Guide for Choosing Common Statistical Tests

  • A table provides guidance based on the answers to the five questions.

    • Q1: Bivariate/Multivariable.

    • Q2: Difference/Correlation.

    • Q3: Independent/Paired.

    • Q4: Type of outcome (and Normality).

    • Q5: No. of groups (conditions).

  • Statistical Tests based on the above questions:

    • Independent (un-paired):

    • Difference:

      • Continuous (Normal), 2 groups: Student's t-test

      • Continuous (Normal), >2 groups: One-way ANOVA

      • Continuous (Non-normal)/Ordinal,2 groups : Mann-Whitney U test

      • Continuous (Non-normal)/Ordinal, >2 groups: Kruskal-Wallis H test

      • Nominal, 2 groups: Chi-square test/ Fisher's exact test

      • Nominal, >2 groups: Chi-square test

      • Time to event (survival): Log-Rank test (Kaplan-Meier plot)

    • Dependent (paired):

    • Continuous (Normal), 2 groups: Paired t-test

    • Continuous (Normal), >2 groups: Repeated measured ANOVA

    • Continuous (Non-normal)/ Ordinal, 2 groups: Wilcoxon signed-rank test

    • Continuous (Non-normal)/ Ordinal, >2 groups: Friedman test

    • Nominal, 2 groups: McNemar's test

    • Correlation:

    • Continuous (Normal): Pearson's correlation (r)(r)

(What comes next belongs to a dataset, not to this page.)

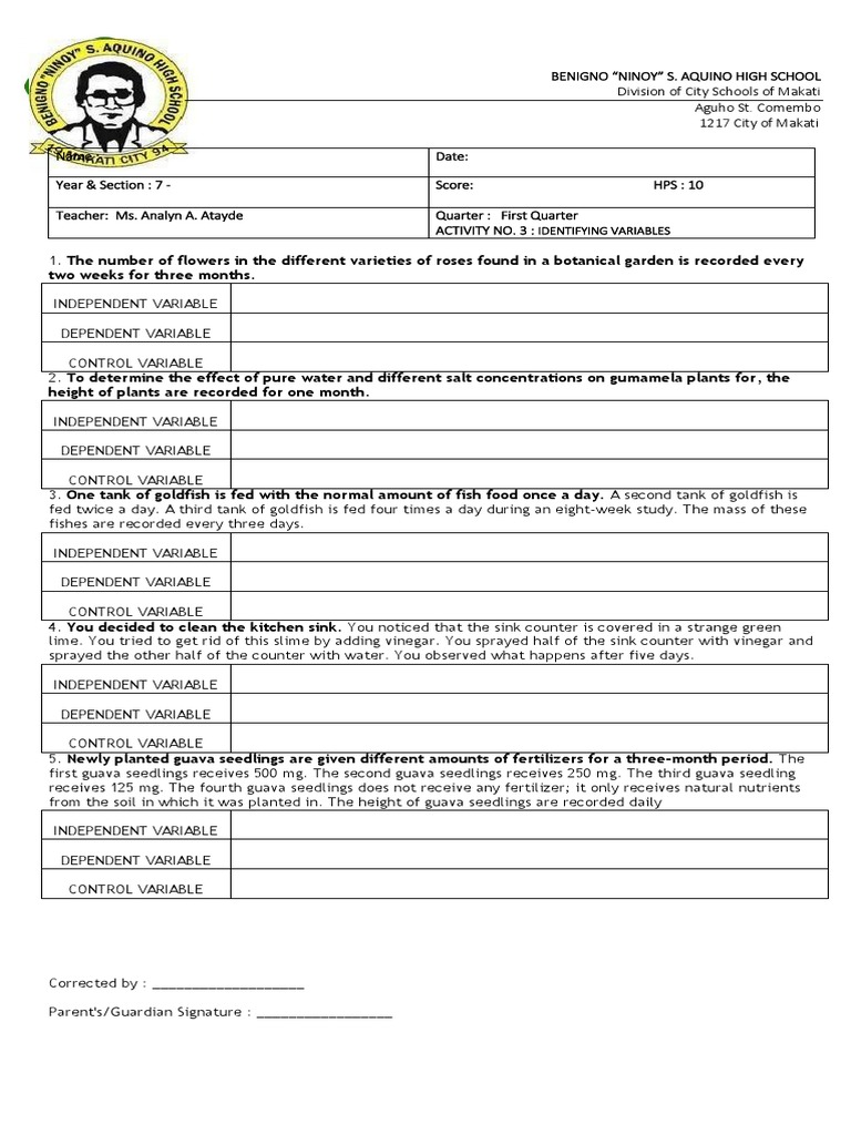 ACTIVITY NO. 3 : IDENTIFYING VARIABLES

    • Continuous (Non-normal)/Ordinal: Spearman's correlation

    • Multivariable:

    • Nominal (2 levels): Spearman/Kappa (Agreement)

    • Continuous: Linear Regression

    • Ordinal: Ordered Logistic Regression

    • Nominal (2 levels): Binary Logistic Regression

    • Nominal (>2 levels): Multinomial Logistic Regression

    • Time to Event(survival): Cox Regression

    • Count variable: Poisson regression

Conclusion

  • The lecture concludes with acknowledgments to the source material.